First of all, thank you for the response!

This code path is reached in at least two different ways that I have
discovered (thus far): from the tasklet and from userspace calling
send(msg,to).  A popular captive portal software called coova-chilli can
have 100 such processes.  While I haven't verified beyond all doubt that
they *can* be preempted here it most certainly seems to be what is
happening.

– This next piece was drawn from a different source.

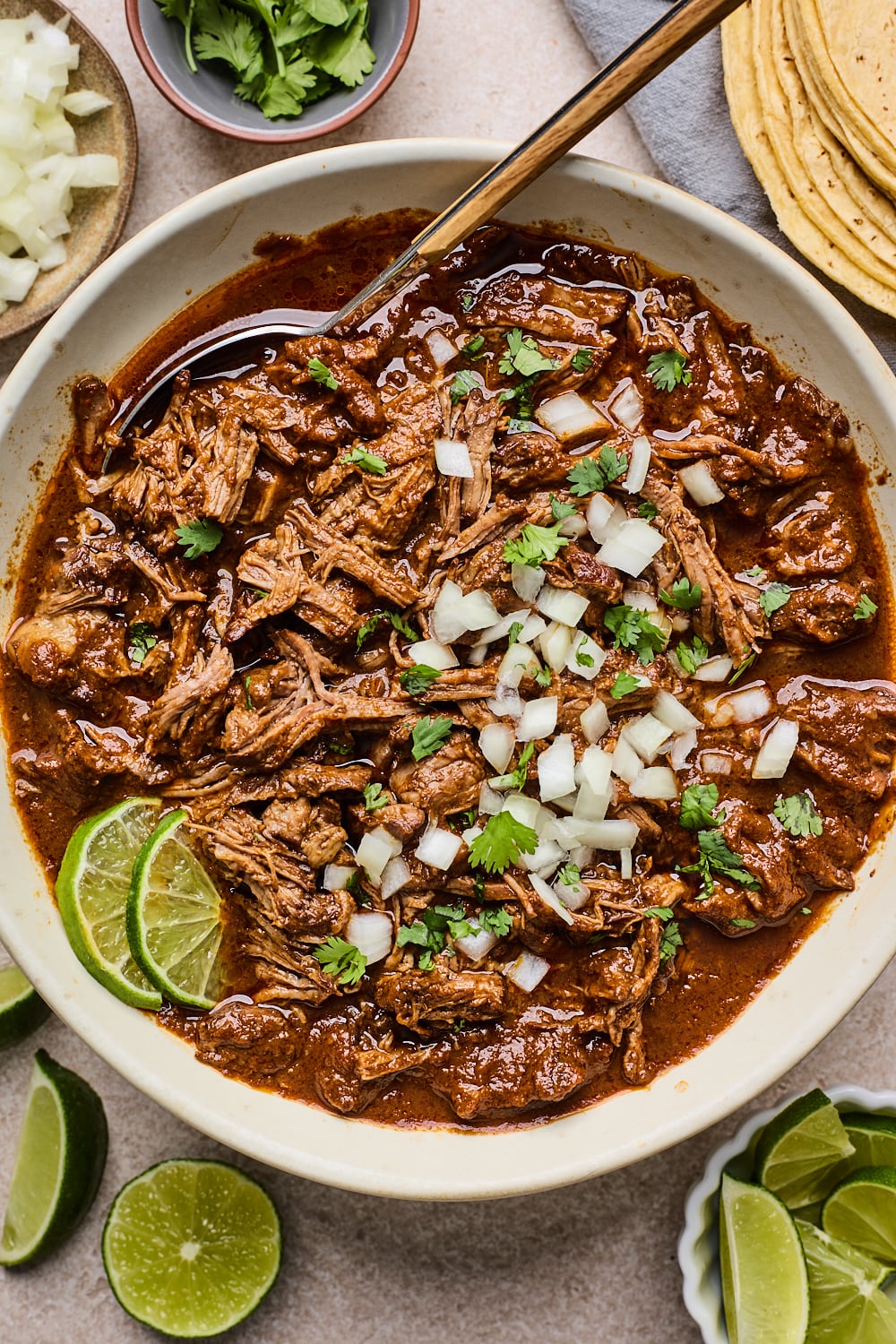 - Serve: As a stew with diced onions, Cilantro and lime wedges or make birria tacos

I'm attaching the backtraces for reference.


>>   I think it could be fixed with the below
>> patch, but I'm being told that it doesn't need it and that the driver
>> should just *quietly* drop the frame:
> [snip patch]
>
>> Could anybody illuminate for me why this isn't done?  I know that there
>> has to be a point where we realize there are too many items in the queue
>> and we can't keep up, but this would seem to be a terrible way to do
>> that.  Is it one of those things where it isn't worth the performance
>> degradation?  Any insights would be most appreciated!! :)
> There's just not much point, and doing the locking here will mean it's
> across _all_ queues, whereas if you have multiple hardware queues you
> wouldn't really need it.

So perhaps a better solution would be to either:

a.) define a mechanism for the driver to expose per-queue spinlocks to
the ieee80211 subsystem, or
b.) define a new driver function (or change the existing) to emit a
return value and ask ieee80211 to kindly stick the frame back in its own
queue.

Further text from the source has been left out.